The Great October Horse Fair at Ballinasloe and its associated festival lasts for about a week, this year running from Saturday 28th September to Sunday 6th October. The photographs below were taken on the first Sunday and final Saturday of the Festival, two of its busiest days.
I missed the show jumping on the first day of the Ballinasloe Fair as our team was fencing in the Épée Team Nationals in Galway. I fenced so poorly I think the team would have been better off if I had gone to the show jumping.
Much of the sale activity at the Great Fair is now centred on the Fair Green, a six acre green area located in the centre of the town but in earlier centuries it was held within the Garbally demesne lands of the le Poer Trench family who rose to prominence about Ballinasloe in the late seventeenth and early eighteenth century and who acquired the Earldom of Clancarty in the early years of the nineteenth.
Billed as one of the oldest Horse Fairs in Europe, its origins are lost in time but it was in operation in the eighteenth century and had grown to such proportions that it was described by ‘The Times’ newspaper in the early decades of the nineteenth century as ‘the largest of its kind in Europe’ and ‘the greatest in the British Empire.’
Traders in St. Michael’s Square on the last Saturday, known as ‘Country Fair Day,’ one of the busiest days of the Fair and Festival. In the background is St. Michael’s Church, initially designed by the architect James J. MacCarthy and re-designed by Augustus Welby Pugin in the mid nineteenth century.
Of the stories associated with the Fair, perhaps the most repeated is that of Marengo, Napoleon’s favoured small grey Arab stallion, named from his victory in 1800 over the Austrian Empire and captured after his defeat in 1815 at Waterloo.
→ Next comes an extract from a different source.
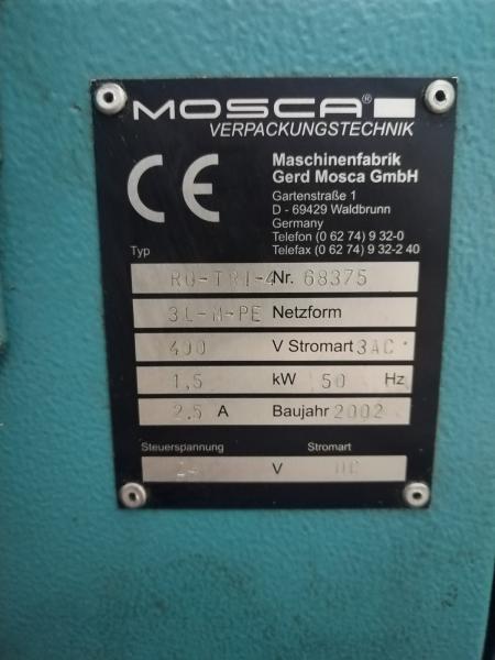 Автоматическая стреппинг линия Mosca RO-TRI-4, RO TR500 2002, для обвязки продукта крест на крест без поворота, полипропиленовая лента ширина 8мм,
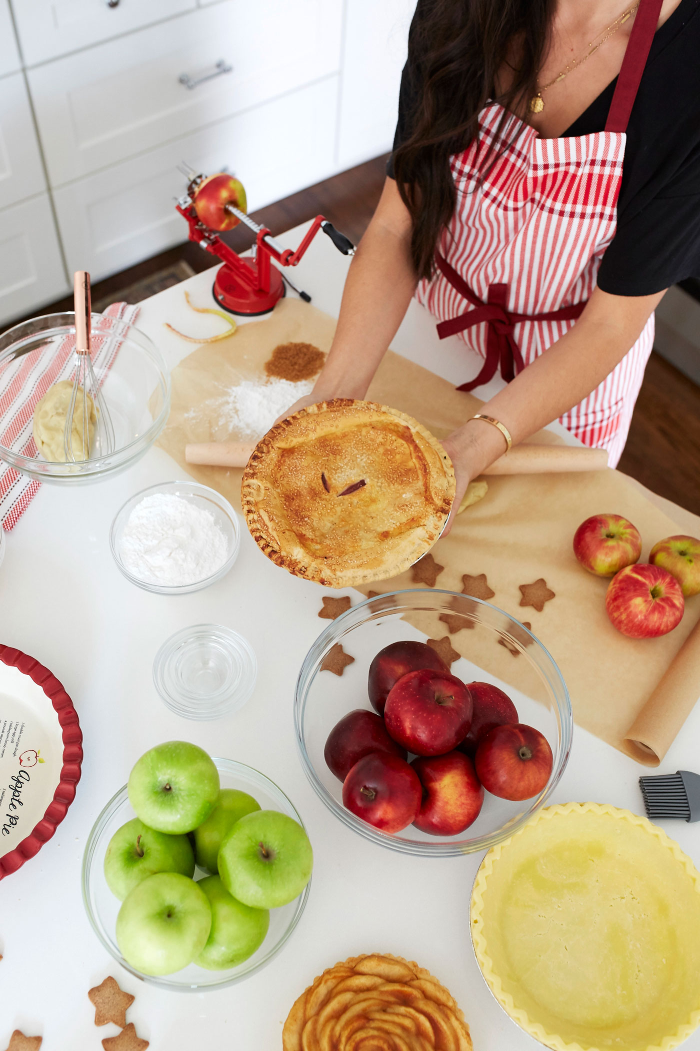 Thanksgiving isn’t complete without an apple pie for dessert am I right?!!!! How cute are these pie making accessories and apron all from the Martha Stewart collection created for Macy’s?! I was in h-e-a-v-e-n when they arrived. This will be darling for Christmas baking as well. And such a great activity to do with family and loved ones :) It took me a while to figure out how to peel the apples, but once I did, this apple peeler made it seamless – and fast.

Various but unsubstantiated accounts relate that Marengo was purchased by the French at the Great Fair of Ballinasloe.
Jill, Duchess of Hamilton wrote an interesting account of Napoleon’s horses about thirteen years ago, entitled ‘Marengo: the Myth of Napoleon’s horse,’ exploring the facts and fiction surrounding the Emperor’s relationship with his favourite horses.
A competent and an adventurous but ungraceful rider, one German aristocrat once contemptuously said of Napoleon I that he ‘rode like a butcher,’ his body swaying back and forth and side to side with the motion and speed of the horse. Napoleon kept about eighty saddle horses but favoured only about ten. A lack of clear references in the official Imperial records to a horse named ‘Marengo,’ Napoleon’s habit of applying nicknames to the proper names of his horses and his penchant for small grey Arabs combined to make it difficult to say much with any certainty about this horse, claimed as one its own by Ballinasloe.
Purchasing agents for many of the European armies attended at Ballinasloe to add to their stock of horses and it is difficult to state categorically whether Marengo was purchased here. A similar claim was made relating to at least one other fair in Ireland and a stone in a field in County Wexford is also supposed to commemorate the birth there of this horse. Others, including the British National Army Museum, believe it more likely that he was acquired by Napoleon in Egypt in 1799 as a six-year old horse rather than Ireland.
Whatever the truth regarding Ballinasloe and Napoleon’s horse, the horse known later as ‘Marengo’ was captured following the battle of Waterloo by William, 11th Baron Petre. He was later sold and unsuccessfully put to stud. On his death in 1831 the remaining parts of his skeleton, minus a hoof, was preserved and put on display before crowds as a celebrated curiosity in a well-lit glass case in the Waterloo Gallery at the National Army Museum in Chelsea where it may still be seen today.